A Facebook friend was raving about an autobiography to which she and her teenage son had recently listened, so since I was somewhat curious about the subject, I checked it out. It was an amazing experience!

The book is Born A Crime, by Trevor Noah, who took over for Jon Stewart when he left The Daily Show on Comedy Central. Young, charismatic, attractive, and engaging, Noah comes across as a friendly middle class guy with a British accent, but his background is far otherwise.

In Born A Crime, you find out about the perils and risks of growing up as a mixed child in South Africa during apartheid. I thought I had a pretty good grasp of what apartheid encompassed, but after listening to Noah detail the divisions of races and classes and the advantages and disadvantages of belong to each, and then explain the discomfort and occasional terror of never belonging to any of them, I found out I didn't know so much. He starts with his birth, which was illegal (his mother was black, his father was white, and it was against the law for them to associate, cohabit, or procreate), and details his life up through his late teens. It is alternately shocking, informative, humorous, stunning, and probably every other adjective I can muster.

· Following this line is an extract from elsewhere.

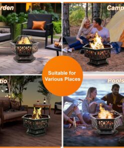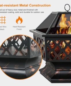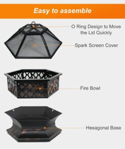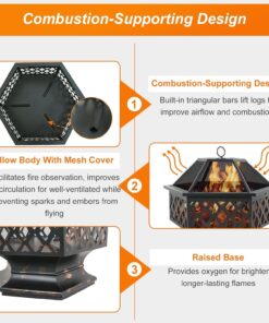 - 【Well-Ventilated & Dustproof】-Compared with other products. this outdoor/indoor fire pit has both chic appearance and practicality. It was designed in the special hexagon shape to extend heating distribution and accommodate irregular wood. The hex-shaped fire pit features a grid side cover and mesh screen to keep air and heat flowing come to you comfortably. while stopping hot ashes. debris. and sparks from flying around

The thing that makes this stand out from other autobiographies is Noah's narration. Sometimes it's a mistake for an author to narrate his own work (I can think of a few disastrous, wooden attempts), but this is one book that I would say you must listen to, rather than read. I'm sure the word on the page is powerful, because the stories are fascinating; but the experience of the audio is not to be missed.

Trevor Noah speaks six languages: English, Afrikaans (the Dutch derivative spoken primarily by whites in South Africa), and four African languages--Zulu, Xhosa, Tswana and Tsonga. So when he is narrating his story and he comes in contact with, say, someone who speaks Zulu, he effortlessly switches the conversation into that language, and then translates, also using the accent that a Zulu-speaking person would have when speaking English!

Not only does he use the languages interchangeably, but he effortlessly falls into the voices of the people in his stories, whether it's "little Trevor," his Xhosa mother, his Swiss-German Afrikaans-speaking father, the local policeman, or his schoolmates and friends of any and every tribal and racial origin. He lifts his pitch a little, or deepens it, he makes an accent a bit more harsh, and he's suddenly speaking with the voice of someone else. It's riveting.

My one disappointment was that we never find out in this book how he went from selling pirated CDs on street corners in "the townships" in his late teens to a career in his 30s as a television comedian in America; but since the subtitle is "Stories from a South African Childhood," I should have known better. And the up side is, now I can look forward to a sequel for the rest of the story. Right, Trevor?